Thursday, April 27, 2006

Cynthia McKinney, the true voice of Courage and Integrity in Washington

The singling out of Georgia's Rep. Cynthia McKinney for the sins of demanding a sane and even handed foreign policy in the Middle East, for questioning the war in Iraq, and for having been first to demand an investigation into what the government knew or should have known prior to the attacks of September 11, 2001 continues. So does the telling silence of established black leadership including most of the Congressional Black Caucus. Thankfully, there are exceptions. BC received the following communication last week from Dr. E. Faye Williams, Esq., Chair of the National Congress of Black Women.

Like Cynthia McKinney, I am a Black woman who has withstood many indignities – racial and otherwise. But as Maya Angelou says, "Still I Rise." I know that Cynthia will rise from this, too. Many Black women I know join me in standing with Cynthia for responding in a way that many of us often want to when we get so tired of racism, sexism and all the other garbage other women don't have to endure.

Whatever anybody else thinks of Cynthia, I love her for what she has done for the peace movement, for progressive politics, for standing firm even when others disagree with her, and just for being a beautiful and courageous human being. I know Cynthia. I know her family. She's my neighbor, and I call her a friend, so even if she did one thing that some may see as wrong, she is still a wonderful person who is not afraid to stand for what she believes is right.

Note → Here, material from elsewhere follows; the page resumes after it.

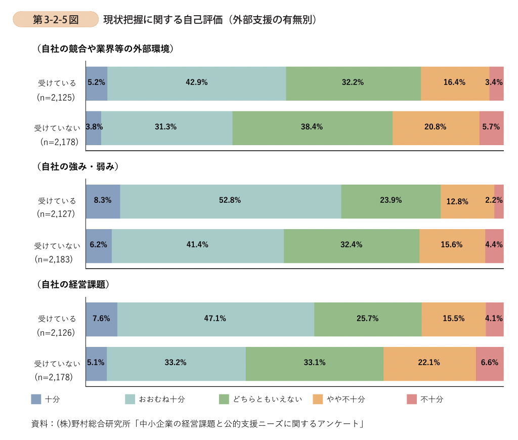 また、外部支援を受けている経営者の方が、自社の現状を把握できていると評価もしています。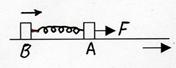 28. 如图所示,光滑水平地面上木块A和B在水平推力F作用下,以加速度a作匀加速直线运动。木块A和B质量分别为m1和m2,两者之间用轻质弹簧相连。某时刻撤去外力F,则该瞬间A的加速度a1和B的加速度a2分别为(以运动方向为正方向) ( )

Not one of us is perfect. Show me a Member of Congress who has not done something that at least somebody thought was wrong, and maybe then, I will listen to that person criticize Cynthia and tell me why I should desert my sister because of a little turbulence caused by a system she did not create.


Tell me no other Member of Congress has walked into congressional buildings without a lapel pin, or rushed in to vote without showing any type of identification! I've worked there and I know better. Cynthia is one of the most recognizable Members of Congress, so by no means will I buy the fact that an officer who works there would not know who she is.

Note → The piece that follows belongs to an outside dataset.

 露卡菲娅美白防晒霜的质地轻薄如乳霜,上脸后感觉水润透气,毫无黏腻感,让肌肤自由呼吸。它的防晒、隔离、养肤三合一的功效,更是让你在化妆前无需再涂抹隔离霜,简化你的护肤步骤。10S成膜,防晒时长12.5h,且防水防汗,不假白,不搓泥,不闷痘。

It doesn't matter what the Grand Jury decides or what anyone else thinks of her, Cynthia McKinney is a woman who is widely known around the world, much loved and highly respected – and no incident like the one here that's been so blown out of proportion BECAUSE SHE IS CYNTHIA MCKINNEY will ever change that.


Dr. Williams has it about right. Everyone has a certain amount of good credit to exhaust, and Rep. McKinney's record of public service has earned her more than most. She has also earned the unremitting hostility of the establishment media who have knowingly lied about much bigger things than what did or didn't happen at a Capitol Hill checkpoint.

Reportedly, white and black Capitol Police are bitterly divided over the McKinney incident, with African Americans insisting the Georgia congresswoman is being unjustly harassed, while many white officers maintain that she's only getting what she has coming.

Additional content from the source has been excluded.